Saturday, March 21, 2020

SICK (the dataset) in these trying times

 
SICK, the dataset, stands for Sentences Involving Compositional Knowledge, nothing more. In particular, it has nothing to do with the coronavirus apocalypse, we're living now. Actually, the 'nothing more' above is an exaggeration. There was an EU-funded project COMPOSES (2010-2014) and they have many interesting publications. But the main  references seem to be:
  • L. Bentivogli, R. Bernardi, M. Marelli, S. Menini, M. Baroni and R. Zamparelli (2016). SICK Through the SemEval Glasses. Lesson learned from the evaluation of compositional distributional semantic models on full sentences through semantic relatedness and textual entailment. Journal of Language Resources and Evaluation, 50(1), 95-124
  • M. Marelli, S. Menini, M. Baroni, L. Bentivogli, R. Bernardi and R. Zamparelli (2014). A SICK cure for the evaluation of compositional distributional semantic models. Proceedings of LREC 2014, Reykjavik (Iceland): ELRA, 216-223.

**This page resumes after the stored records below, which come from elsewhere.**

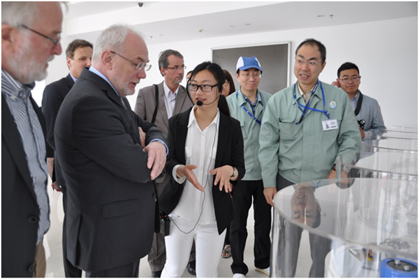 在尼吉康公司,南出智嗣董事長仔細(xì)為代表團(tuán)介紹了企業(yè)發(fā)展歷史、產(chǎn)品性能等情況,并饒有興趣地交流起各自的工作、生活。日語、德語、英語、中文夾雜在一起,加上雙方豐富的肢體語言,熱烈不已。南出董事長說,很享受在宿遷的工作、生活,每天在園區(qū)都可以品嘗到可口的日本料理,周末可以到市區(qū)品嘗星巴克,味道很不錯(cuò)。他還熱情邀請羅特先生一起品嘗。羅特對(duì)尼吉康公司的熱情接待表示感謝,他表示,此次園區(qū)之行雖然時(shí)間短暫,但給他留下了尤為深刻的印象,期望南出董事長等到德國做客。
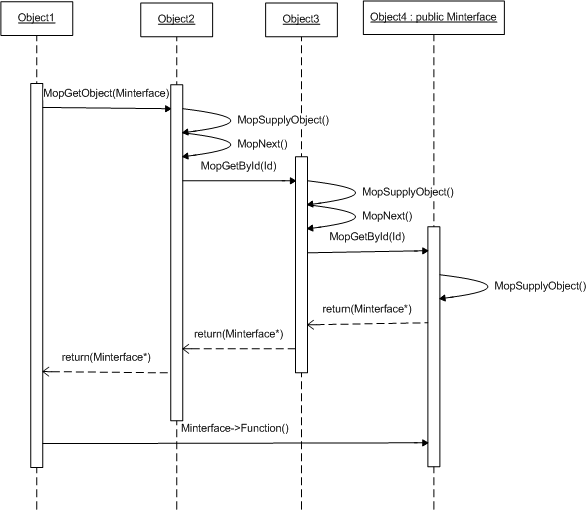 Object1 wishes to call a function on MInterface . It calls MopGetObject() on the nearest control in the run-time hierarchy. The Object Provider Framework identifies the Uid for Minterface and then passes the request up the hierarchy until an object is found (Object4) that implements Minterface .
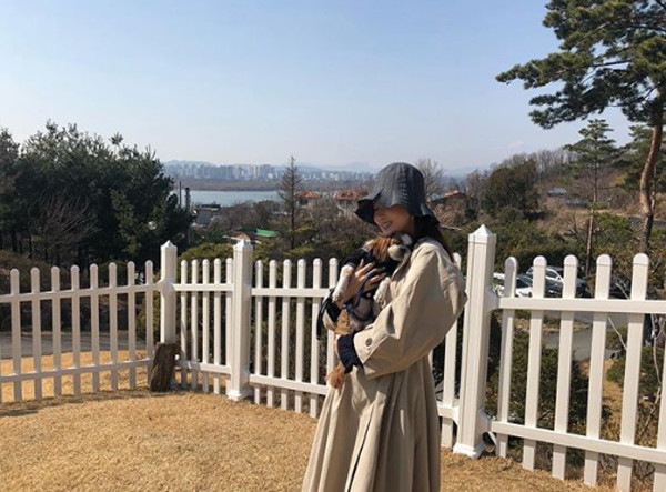 공개된 사진에는 야외 애견카페에서 반려견을 포근히 안고 미소짓고 있는 그녀의 모습이 담겼다.
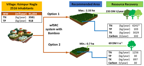 The recommended maximum land requirements are calculated as 9.3 m2/PE for bamboo, 17.1 m2/PE for willow, and 25.7 m2/PE for poplar wfSRC systems. The minimum and maximum specific land requirements for each plant were then used to calculate the potential size of the wfSRC for each village in the study region. Then, the biomass yield was estimated using the measured values at the pilot plant and the estimated land requirements. The recovery rate of nitrogen, potassium, and phosphorus, and the potential for carbon sequestration were also estimated for each settlement and for the entire region based on average concentrations measured in the biomass samples at the pilot plant.
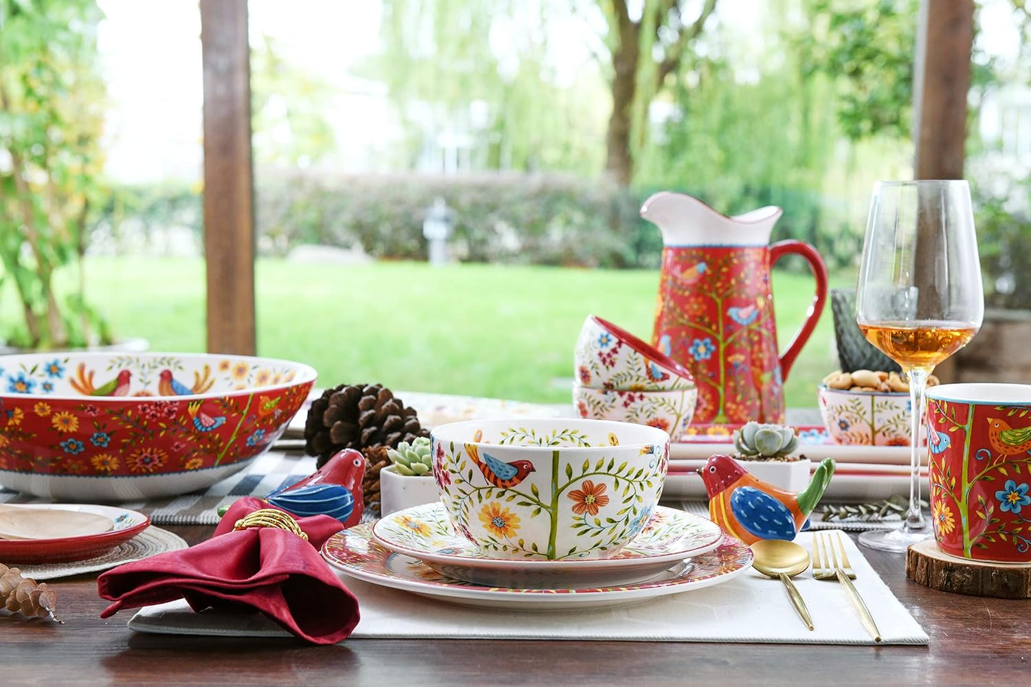 Bico Red Spring Bird Ceramic 16 inch Oval Platter, Microwave & Dishwasher Safe

 My history here begins when, in 2016, Google announced Parsey McParseface (for the name see Boaty McBoatface). I thought it was time to check SICK using SyntaxNet and other off-the-shelf tools, like WordNet and SUMO. The promise of near-human parsing accuracy (94% they said), a dataset curated by linguists to be simple and concrete (no temporal phenomena, no named entities, no multiword expressions, no coreference, they said) and with a small vocabulary (2K content words), I thought "we can do this!".

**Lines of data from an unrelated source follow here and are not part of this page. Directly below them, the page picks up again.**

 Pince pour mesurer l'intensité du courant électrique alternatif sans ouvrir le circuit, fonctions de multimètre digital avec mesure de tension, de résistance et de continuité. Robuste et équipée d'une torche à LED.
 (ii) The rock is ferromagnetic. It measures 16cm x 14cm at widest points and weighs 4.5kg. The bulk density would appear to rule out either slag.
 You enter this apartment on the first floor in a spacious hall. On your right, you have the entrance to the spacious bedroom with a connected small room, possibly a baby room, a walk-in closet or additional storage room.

The GitHub repo https://github.com/vcvpaiva/rte-sick has the processing results of this work with Alexandre and Chalub. I still want to write something about what we learned from this first experiment. later.

But more importantly, in 2017, Katerina, Livy and I got together and we did several bits of work checking the SICK corpus. A partial list is below in reverse chronological order and the GitHub repo is SICK-processing. So what did we do?



First, we realized that many (but we didn't know how many) of the annotations provided by the SICK turkers did not agree with our intuitions. We talked about this in Textual Inference: getting logic from humans, explaining that we believe that our systems should learn from datasets that agree with human experience.  In particular, we discussed the single implication cases in SICK, where we expected to find many problems.  (anyone who has tried to teach logic has noticed how the difference between single implications and double implications is hard to introduce to students.) 

Continuing our study of the SICK dataset, we showed that contradictions were not working well, probably because different annotators understood the task differently from others. This time we could quantify the issue and we wrote Correcting Contradictions, where we drove the point that contradictions need to be symmetric and they weren't in the annotations.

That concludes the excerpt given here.